For this exercise, output the entries below exactly from the line that holds "cieniem to kompozycja" to the line that holds "Spa Headband with", both ends included. No pictures belong in the copy.
··· Dataset excerpts ···
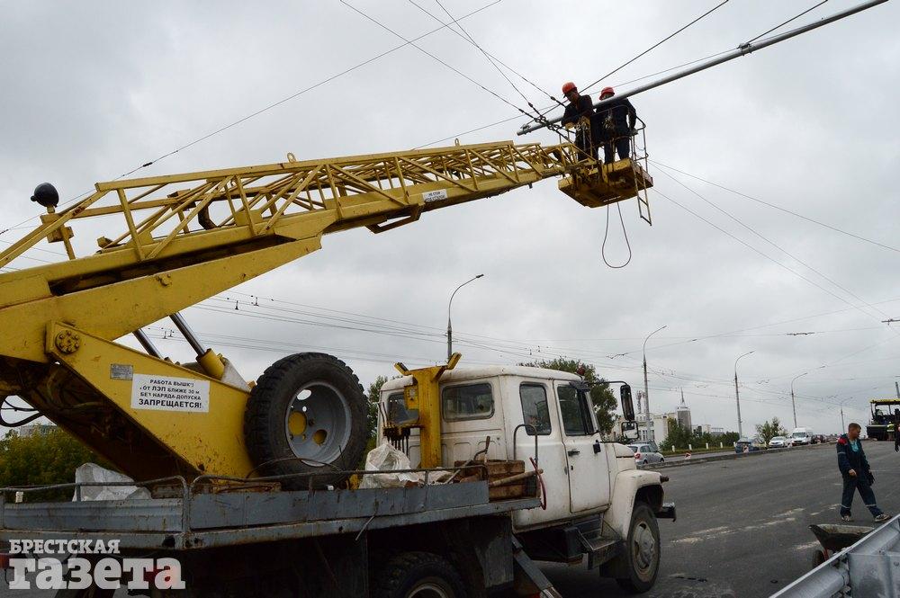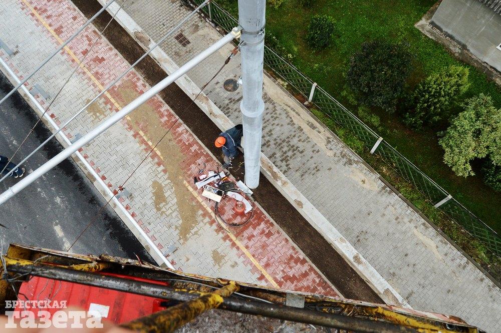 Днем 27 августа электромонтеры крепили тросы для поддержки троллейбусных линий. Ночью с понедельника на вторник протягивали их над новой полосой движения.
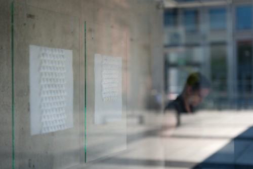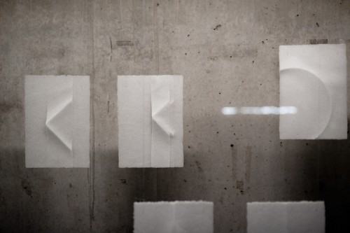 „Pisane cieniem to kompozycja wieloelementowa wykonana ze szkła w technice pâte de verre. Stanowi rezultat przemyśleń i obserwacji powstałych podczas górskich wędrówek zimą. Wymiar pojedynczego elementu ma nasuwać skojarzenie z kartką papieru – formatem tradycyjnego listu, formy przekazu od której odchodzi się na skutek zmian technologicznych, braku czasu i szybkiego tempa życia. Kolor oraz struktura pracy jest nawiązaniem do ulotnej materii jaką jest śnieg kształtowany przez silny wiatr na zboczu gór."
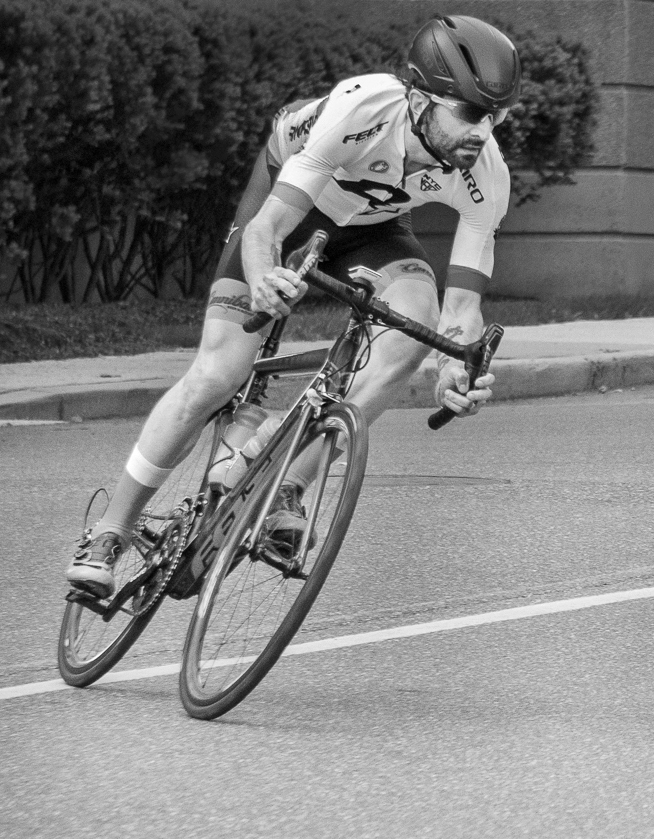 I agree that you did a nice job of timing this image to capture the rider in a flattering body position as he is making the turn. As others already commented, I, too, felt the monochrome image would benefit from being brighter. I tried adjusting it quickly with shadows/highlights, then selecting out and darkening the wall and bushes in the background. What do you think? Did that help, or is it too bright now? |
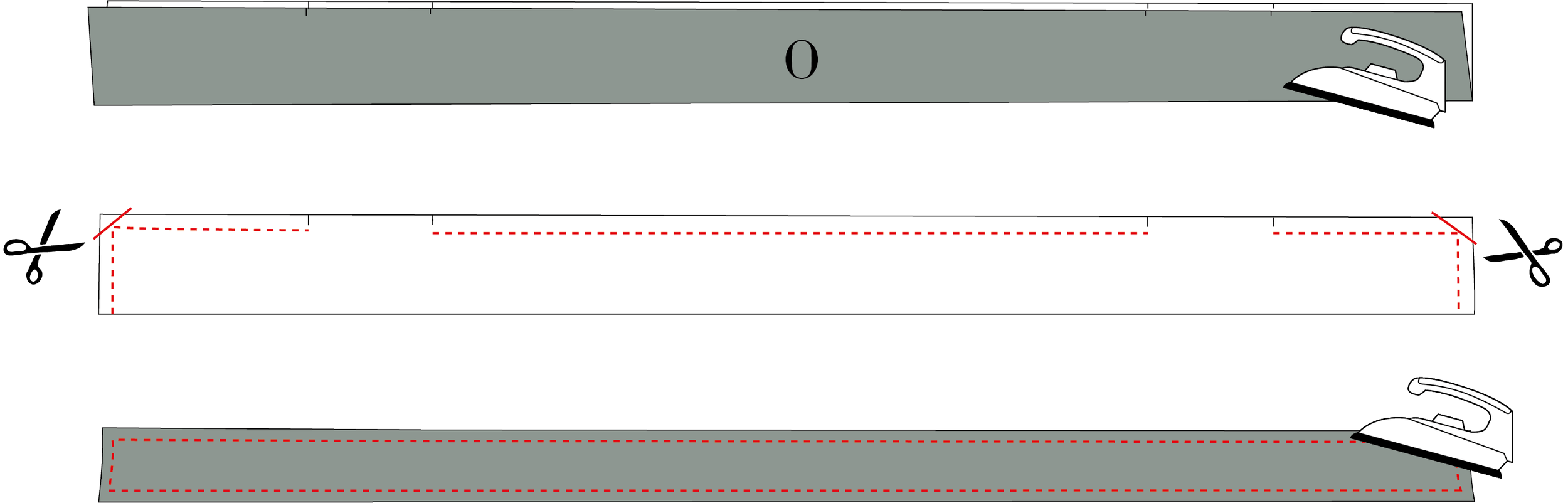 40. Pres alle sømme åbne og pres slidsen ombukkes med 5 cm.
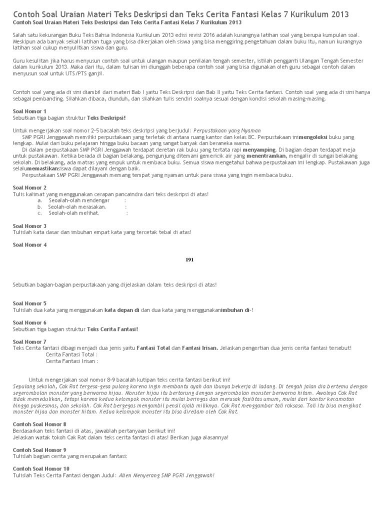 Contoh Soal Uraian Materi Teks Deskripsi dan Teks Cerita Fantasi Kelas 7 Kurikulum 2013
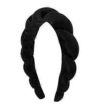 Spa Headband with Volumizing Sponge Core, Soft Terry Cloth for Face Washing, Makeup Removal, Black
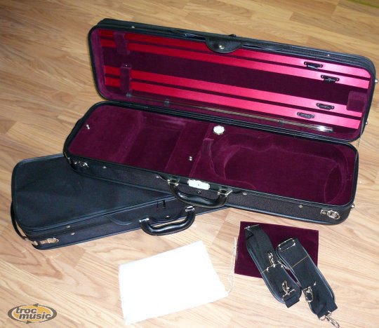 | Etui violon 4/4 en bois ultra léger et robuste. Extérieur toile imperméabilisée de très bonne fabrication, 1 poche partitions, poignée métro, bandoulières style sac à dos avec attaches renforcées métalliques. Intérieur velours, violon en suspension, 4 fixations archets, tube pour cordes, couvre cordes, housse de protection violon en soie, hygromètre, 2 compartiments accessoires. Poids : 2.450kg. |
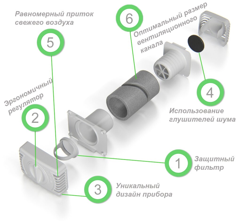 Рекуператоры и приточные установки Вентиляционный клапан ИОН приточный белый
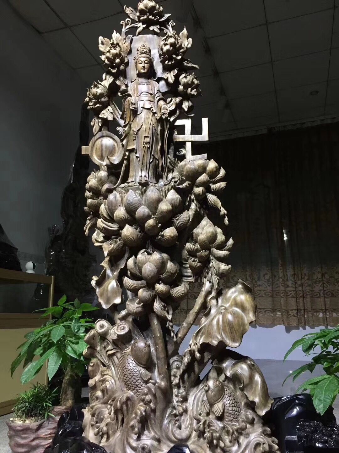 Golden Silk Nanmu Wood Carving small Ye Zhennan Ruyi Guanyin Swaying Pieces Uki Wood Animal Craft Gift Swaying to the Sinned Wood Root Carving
···
• _Finished exercise_:
 „Pisane cieniem to kompozycja wieloelementowa wykonana ze szkła w technice pâte de verre. Stanowi rezultat przemyśleń i obserwacji powstałych podczas górskich wędrówek zimą. Wymiar pojedynczego elementu ma nasuwać skojarzenie z kartką papieru – formatem tradycyjnego listu, formy przekazu od której odchodzi się na skutek zmian technologicznych, braku czasu i szybkiego tempa życia. Kolor oraz struktura pracy jest nawiązaniem do ulotnej materii jaką jest śnieg kształtowany przez silny wiatr na zboczu gór."
 I agree that you did a nice job of timing this image to capture the rider in a flattering body position as he is making the turn. As others already commented, I, too, felt the monochrome image would benefit from being brighter. I tried adjusting it quickly with shadows/highlights, then selecting out and darkening the wall and bushes in the background. What do you think? Did that help, or is it too bright now? |
 40. Pres alle sømme åbne og pres slidsen ombukkes med 5 cm.
 Contoh Soal Uraian Materi Teks Deskripsi dan Teks Cerita Fantasi Kelas 7 Kurikulum 2013
 Spa Headband with Volumizing Sponge Core, Soft Terry Cloth for Face Washing, Makeup Removal, Black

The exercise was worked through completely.